The Pas Lumber Company
- Company type: Private
- Industry: Forestry
- Predecessor: Finger Lumber Company; Red Deer Lumber Company;
- Founded: 1919
- Founder: David Judson Winton (President); Charles Joel Winton; Charles Joel Winton Jr.;
- Defunct: 2008; 18 years ago
- Fate: Shut down during the Great Recession
- Headquarters: The Pas, Manitoba; Minneapolis, Minnesota; Prince George, British Columbia;

= The Pas Lumber Company =

The Pas Lumber Company (later known as Winton Global Lumber) was a forestry company that owned and operated several sawmills and logging operations in Manitoba, Saskatchewan, and British Columbia.

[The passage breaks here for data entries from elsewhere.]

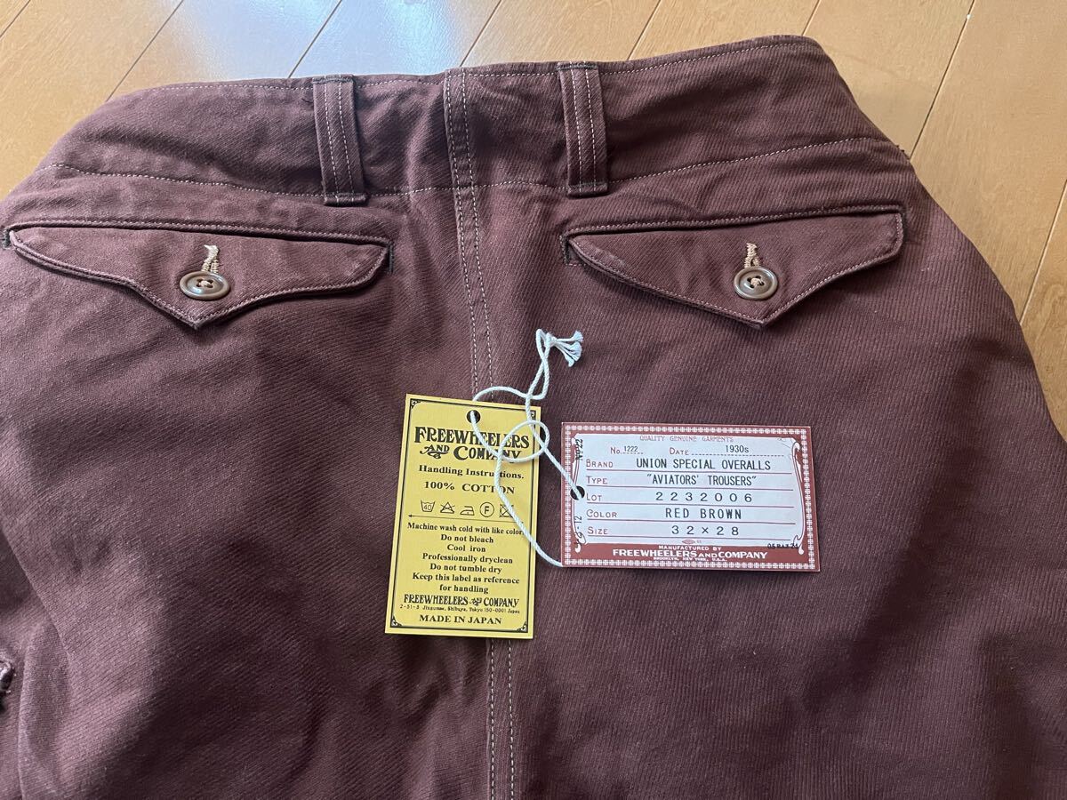 フリーホイーラーズのトラウザーズを出品します。 自宅ワンウォッシュのみ。 厚手でコシのあるトラウザーズです。 サイズは32X28です。カラーはRED BROWNです。 色違いも出品中です。
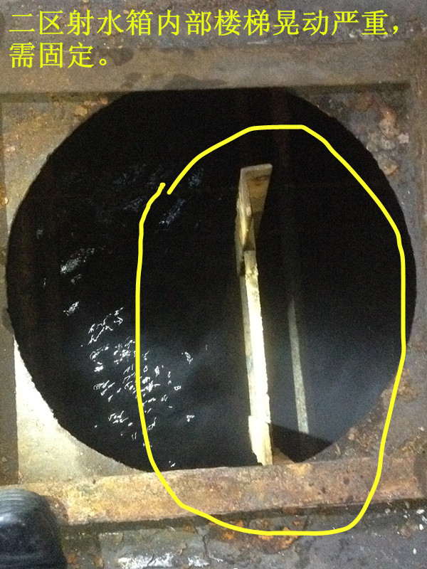 3.3#機(jī)射水箱內(nèi)部爬梯晃動(dòng)嚴(yán)重需固定;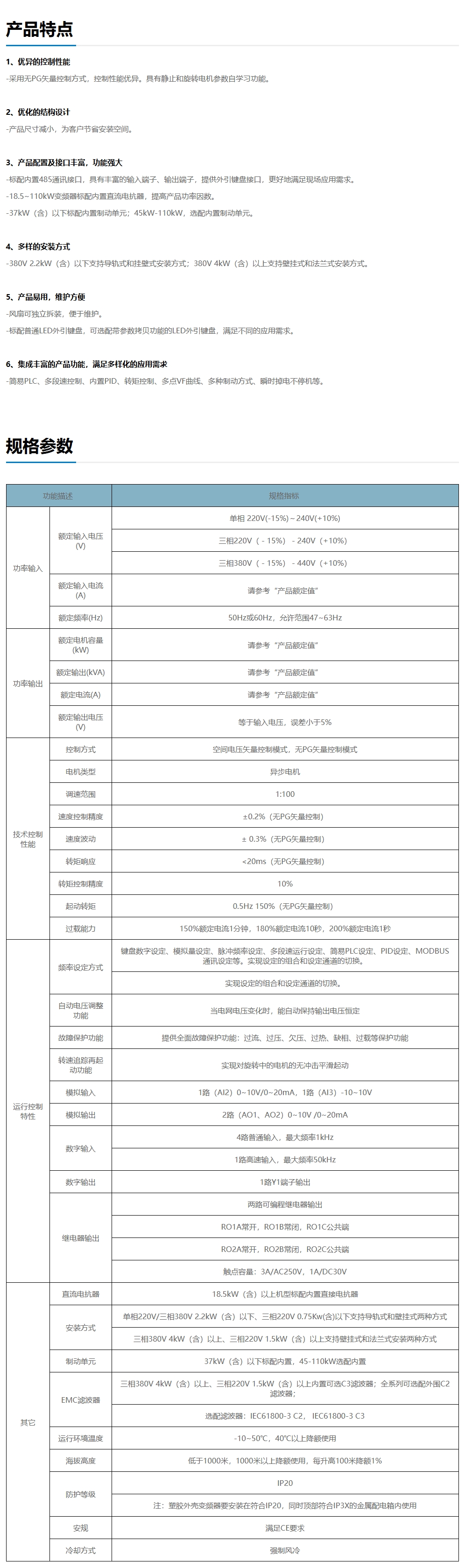GD20系列变频器采用无速度传感器矢量控制技术,产品具有优异的驱动性能和控制功能;产品硬件配置丰富、软件功能强大,在易用性及可靠性上均有较大的提升,能更好的满足各种工控场合的不同需求。GD20系列18.5KW~110KW标配内置直流电抗器,18.5~37KW内置标配制动单元,45~110KW选配内置制动单元,全系列独立风道设计,提升了产品可靠性和性能,增强了产品竞争力。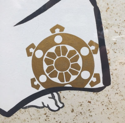 JUGEMテーマ:水引工芸 JUGEMテーマ:歌舞伎 久々の一日初日!!! 納涼祭とはまた違った雰囲気のお客様がいらして、 木挽町広場も 秀山祭らしさのある?景色に感じました。 画像は歌舞伎座玄関前の絵看板から 勧進帳の武蔵坊弁慶の衣装裾部分であります。 いわゆる「輪宝」紋でありまして、密教や修験道にゆかりが深く、不動明王にも御縁の文様にして、 家紋としての伝承もある意匠であります。 絵看板は...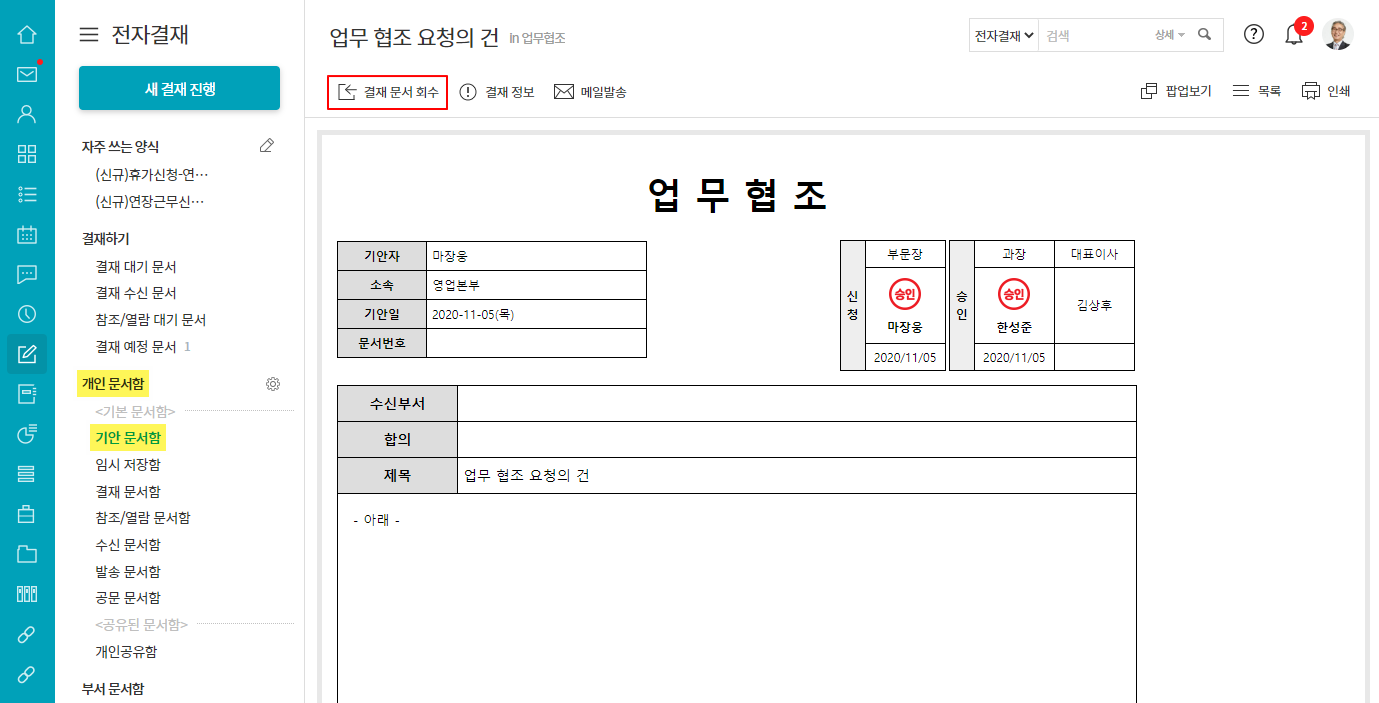 - [결재 문서 회수]로 회수한 문서의 내용은 수정할 수 없습니다.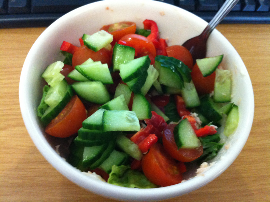 Lunch today was salad (sensing the theme yet?) w/ tuna. You can’t see the tuna under the salad, but believe me it’s there!

== United States origins ==
Charles Joel Winton was born in Chicago, Illinois, in 1862. His family later moved to Addison, New York, and he went to Princeton University, before moving to Wausau, Wisconsin, in 1884. Once in Wausau, he invested money into various sectors such as land, rail, and oil, and in 1889, he began investing in forestry. In 1897, he and his wife Helen Smith Winton gave birth to David Judson Winton, and in 1899, they gave birth to Charles Joel Winton, Jr. The family moved to Minneapolis in 1909.

After graduation, David Judson Winton also studied at Princeton University. His studies were interrupted by World War I, and before entering his final year of studies, he spent two years in the US Army with the American Field Service Ambulance Corps. He was deployed to France, where he was injured, and received the Distinguished Service Cross and the Purple Heart. After graduating from Princeton in 1920 he worked in logging camps before eventually moving back to Minneapolis. Once there he worked with his father Charles and his brother Charles Jr. at the Winton Companies, and eventually took over as the head of the Winton Companies.

By the 1910s, forests in Wisconsin and Minnesota were running out of wood, and many of the lumbermen began moving to Canada to find new forests to harvest. In 1919, the Finger Lumber Company in The Pas, Manitoba, suffered a barn fire at their sawmill, and David Judson Winton used this event as an opportunity to buy-out the company and shift his lumber operations to Canada.

== Canadian operations ==
The assets acquired from the Finger Lumber Company included the mill facilities in The Pas, one tugboat, two steam barges, and 324 sqmi of timber berths along the Carrot and Saskatchewan Rivers. The Wintons had also recently purchased a sawmill in Prince Albert, Saskatchewan, and decided to move the machinery from it to their larger operation in The Pas, which was renamed to The Pas Lumber Company.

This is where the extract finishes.